→ Data to examine
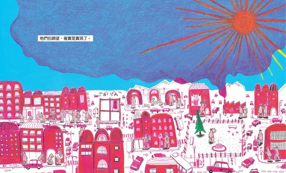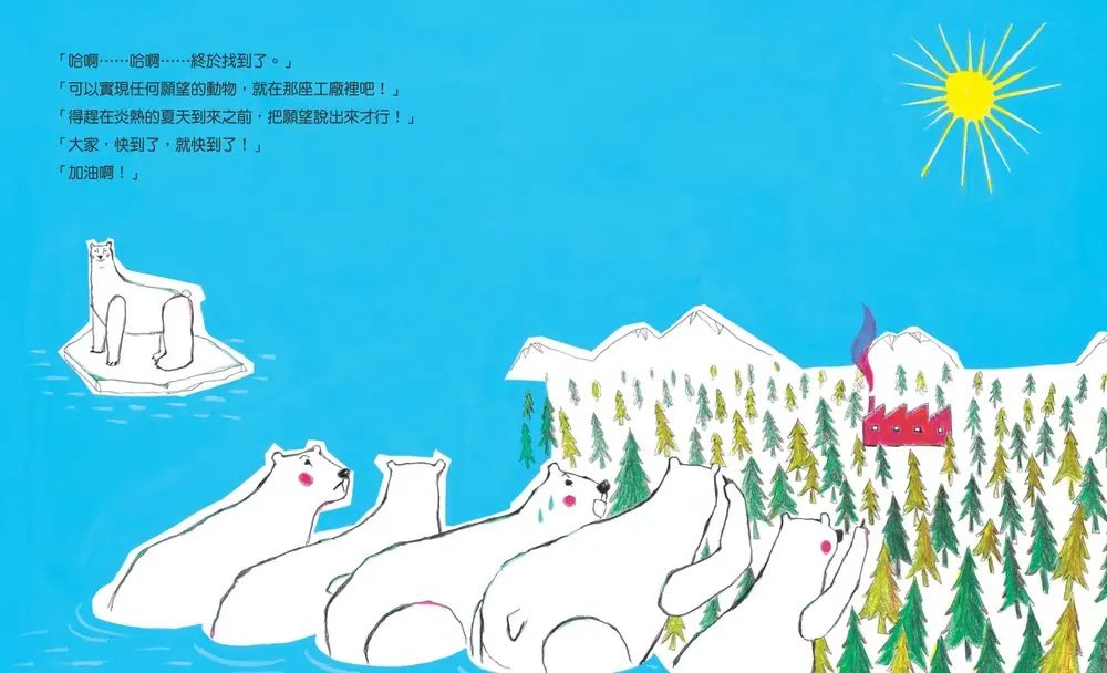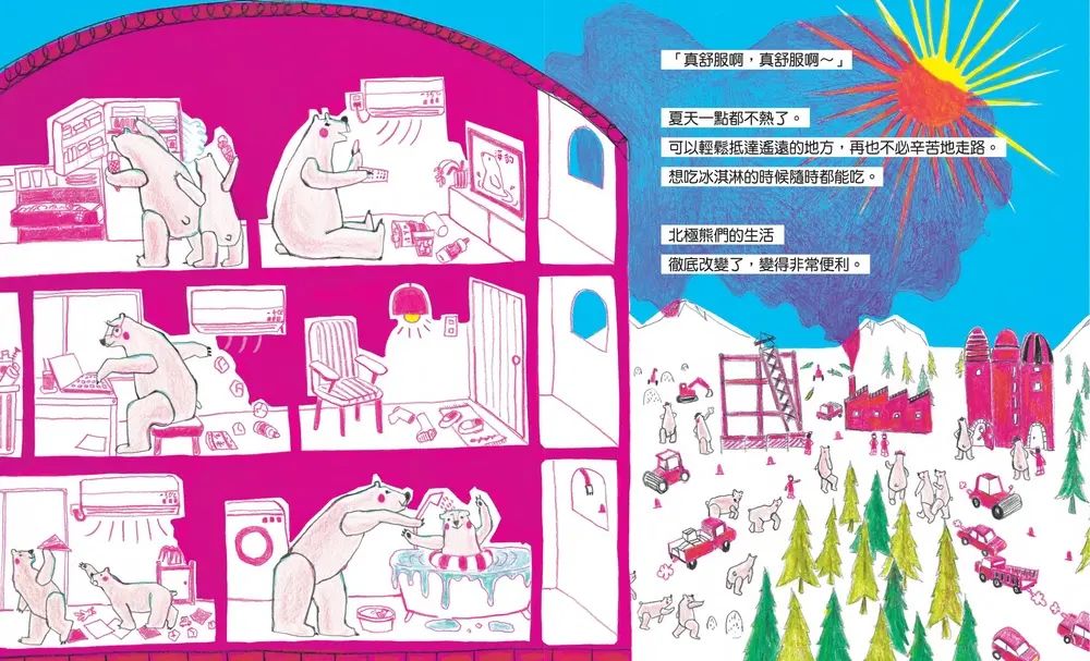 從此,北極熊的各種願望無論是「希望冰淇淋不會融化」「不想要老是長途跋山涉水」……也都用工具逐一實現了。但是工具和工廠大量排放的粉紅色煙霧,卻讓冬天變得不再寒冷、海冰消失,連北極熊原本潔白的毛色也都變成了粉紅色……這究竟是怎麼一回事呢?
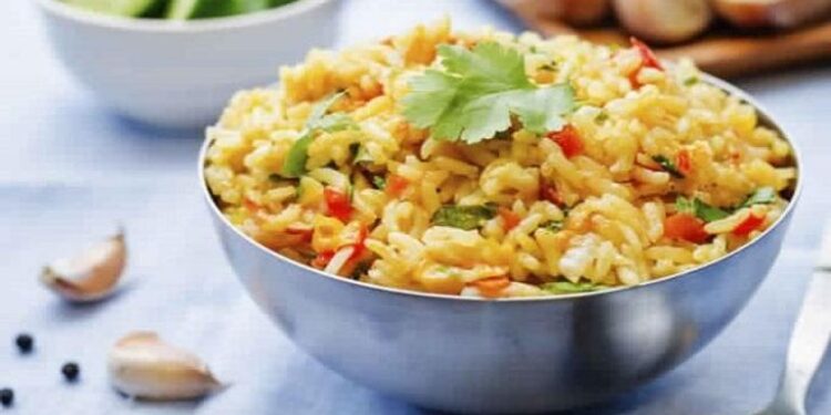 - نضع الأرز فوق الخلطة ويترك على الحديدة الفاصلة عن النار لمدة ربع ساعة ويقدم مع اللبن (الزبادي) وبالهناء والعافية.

--

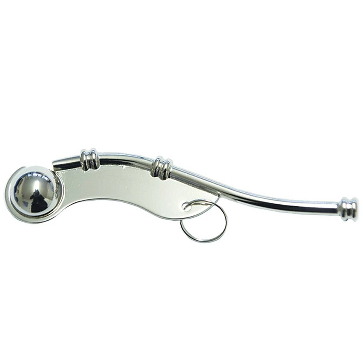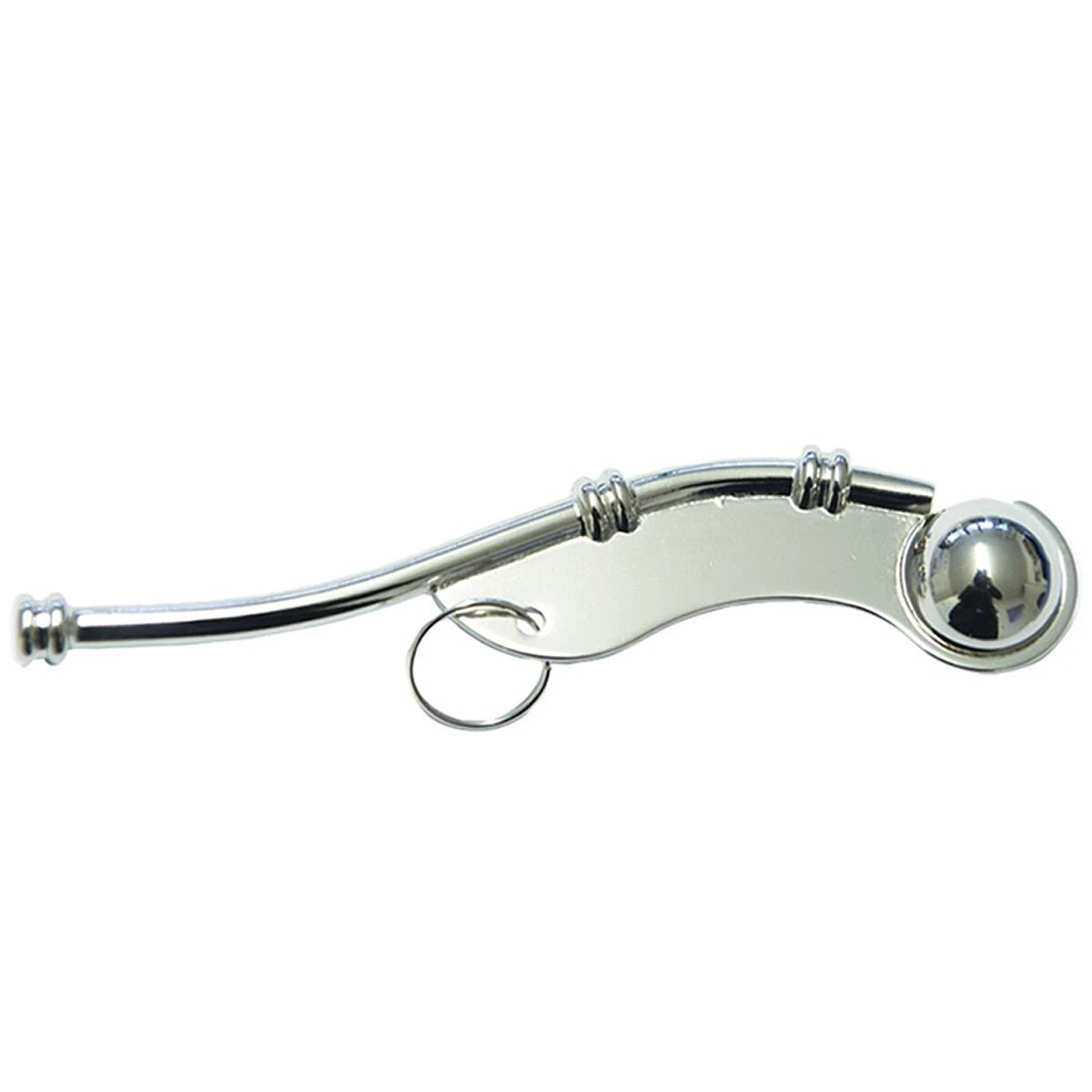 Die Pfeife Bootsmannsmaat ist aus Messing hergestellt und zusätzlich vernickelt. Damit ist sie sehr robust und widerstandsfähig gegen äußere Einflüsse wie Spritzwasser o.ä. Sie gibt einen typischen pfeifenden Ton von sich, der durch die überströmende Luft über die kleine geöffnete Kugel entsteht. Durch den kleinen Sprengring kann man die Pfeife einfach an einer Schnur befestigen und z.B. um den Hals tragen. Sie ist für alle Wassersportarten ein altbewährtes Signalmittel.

→ Exercise details
Within the listing above, extract exactly the lines that run from the one containing "從此,北極熊的各種願望無論是" through the one containing "- نضع الأرز", excluding any pictures.

→ Exercise answer
 從此,北極熊的各種願望無論是「希望冰淇淋不會融化」「不想要老是長途跋山涉水」……也都用工具逐一實現了。但是工具和工廠大量排放的粉紅色煙霧,卻讓冬天變得不再寒冷、海冰消失,連北極熊原本潔白的毛色也都變成了粉紅色……這究竟是怎麼一回事呢?
 - نضع الأرز فوق الخلطة ويترك على الحديدة الفاصلة عن النار لمدة ربع ساعة ويقدم مع اللبن (الزبادي) وبالهناء والعافية.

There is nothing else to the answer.